La justicia se planteó juzgarlo como un enfermo mental y no como un criminal corriente.


    Otra prueba a favor de mi argumentación son las diferencias entre lo que se entiende por loco y criminal en una cultura o en otra. Entre los zambia o los griegos antiguos la pederastia no sólo era una práctica aceptada, sino que era lo esperable. Entre los soldados, en tiempos de guerra, la violación es una práctica común y a nadie se le ocurre tratar con bromuro a un soldado que, cada vez que toma un ciudad al asalto, viola a una mujer. No se le considera ni un loco ni un criminal por ello, y, si hoy en día se le piden cuentas a un soldado americano que violó a una irakí, es porque aplicamos las normas de la paz a situaciones de guerra. Esto es resultado de la revolución de los medios de comunicación, que conectan en tiempo real espacios de guerra a espacios de paz, de modo que podemos juzgar moralmente a un soldado desde la comodidad del sillón de nuestra sala. Pero esto es un fenómeno moderno. Los soldados rusos violaron a cuanta alemana encontraron a su paso cuando cayó el Reich y nadie les pidió cuentas por ello.
    Como decía, la reacción ante la enfermedad mental también es cultural. Para no enrollarme, basta un dato: entre cierta tribu de nativos norteamericanos los locos no sólo no eran apartados, sino que se los tenía en mucha estima porque se creía que la divinidad hablaba por su boca. 
    Y poco a poco vamos llegando al meollo de la cuestión:
    Mary Douglas en Pureza y peligro sostiene que todas las culturas consideran peligroso aquello que no encaja dentro del entramado de conceptualizaciones que es, en definitiva, una cultura. En algunas sociedades se aparta a las mujeres menstruantes porque durante este periodo no pueden mantener mantener relaciones sexuales ni concebir, Pierden, por tanto, su estatus de mujer. ¿Qué son entonces? Tampoco son hombres. Luego son peligrosas y se las recluye en una choza fuera de la tribu. 
    En una cultura con un marcado dimorfismo de sexual y genérico como la nuestra, ¿qué es un homsexual? Tiene sexo biológico masculino, pero inclinaciones sexuales propias del género femenino. En nuestra cultura tener pene implica, entre otras cosas, un determinado comportamiento sexual que consiste, exactamente, en introducirlo en una vagina. Pero un homsexual no usa su pene para eso. No hay por tanto, correspondencia entre su sexo biológico y su comportamiento sexual, luego se les margina y se les persigue. -Afortunadamente esto está cambiando poco a poco-.

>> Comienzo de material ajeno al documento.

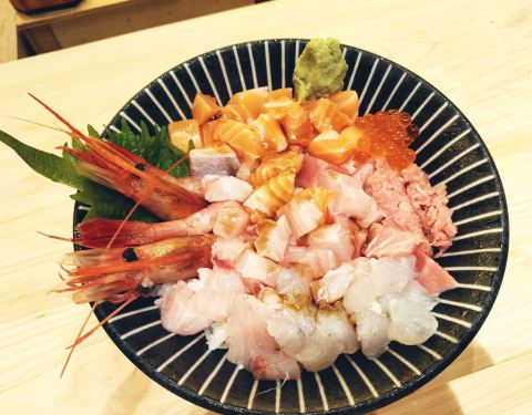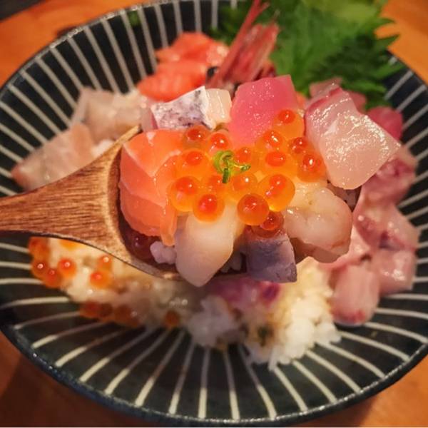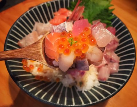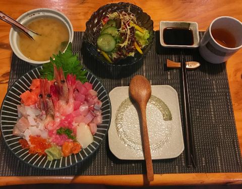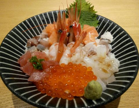 「海鲜刺身丼饭」刺身的量和种类都很多,而且新鲜,特别是甜虾,口感超好。整体空间很大,还有二楼
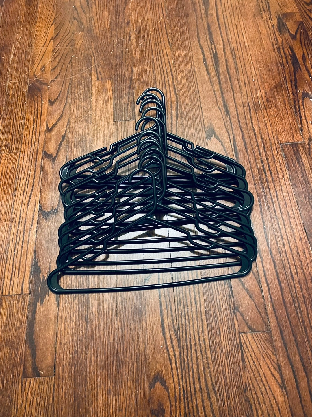 180Set of black plastic hangers, great for organizing your closet. Pick up near Dufferin Grove.
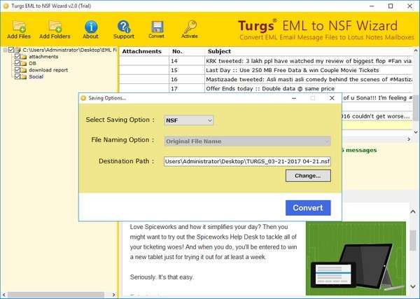 支持所有 EML 电子邮件客户端应用程序将 EML 转换为 NSF。
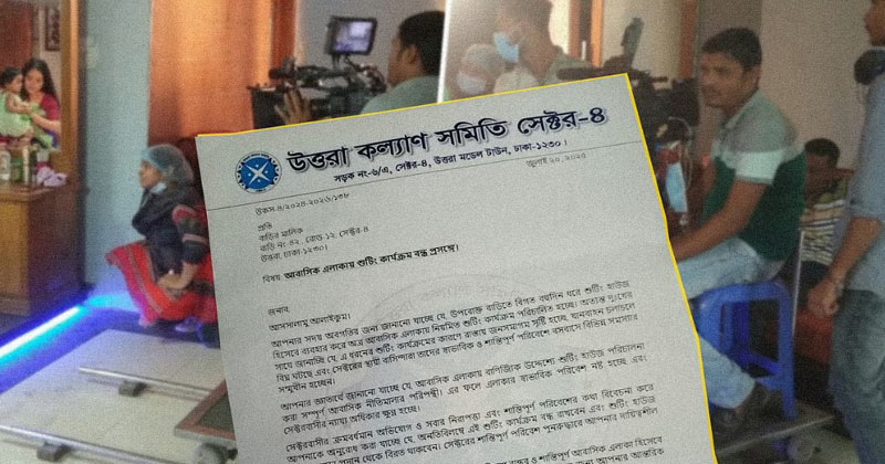 রাজধানীর উত্তরার চার নম্বর সেক্টরের একটি বাড়িতে দীর্ঘদিন ধরে জনপ্রিয় অভিনয় শিল্পীদের নাটক ও সিনেমার শুটিং হয়ে আসছে। হঠাৎ করে ওই বাড়িতে শুটিং বন্ধের নির্দেশ দিয়েছে উত্তরা চার নম্বর সেক্টরের আবাসিক এলাকা কল্যাণ সমিতি। এমন নির্দেশের তীব্র নিন্দা জানিয়েছে অভিনয় শিল্পী সংঘের সাধারণ সম্পাদক রাশেদ মামুন অপু।
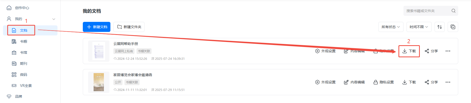 1、點(diǎn)擊【文檔】,選擇對(duì)應(yīng)電子書,然后點(diǎn)擊【下載】。
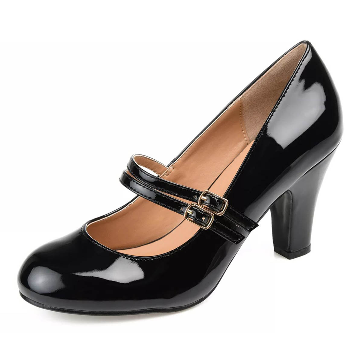 Special Designs: The round-toe heeled Mary Janes feature a double buckle strap closure and a comfortable chunky heel.
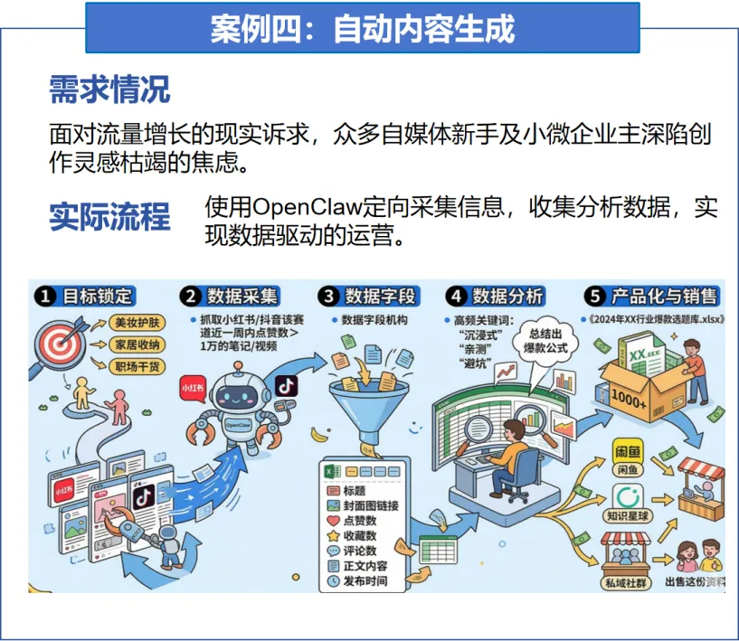 最终,OpenClaw将上述分析汇总成结构化的数据库,开发者利用这些结论指导AI批量生成高质量文案,也可以将整理好的数据包发布至闲鱼、知识星球等平台进行二次变现,实现内容生产到流量获利的自动化闭环。

Tradicional espacio reclusión para locos y enfermos mentales.


    Un enfermo mental no encaja dentro de los roles que ha prefijado la sociedad. Hasta hace nada, su reaccionaba ante ellos como con los criminales o los homosexuales: se les tiene miedo -son peligrosos- y se los margina recluyéndolos en manicomios. 
    Hoy en día, nos parece inhumano encerrar en un manicomio a los enfermos mentales, por lo que se los somete a ritos de paso que los reinserten, pero eso será tema del siguiente post, que esto ha quedado demasiado largo.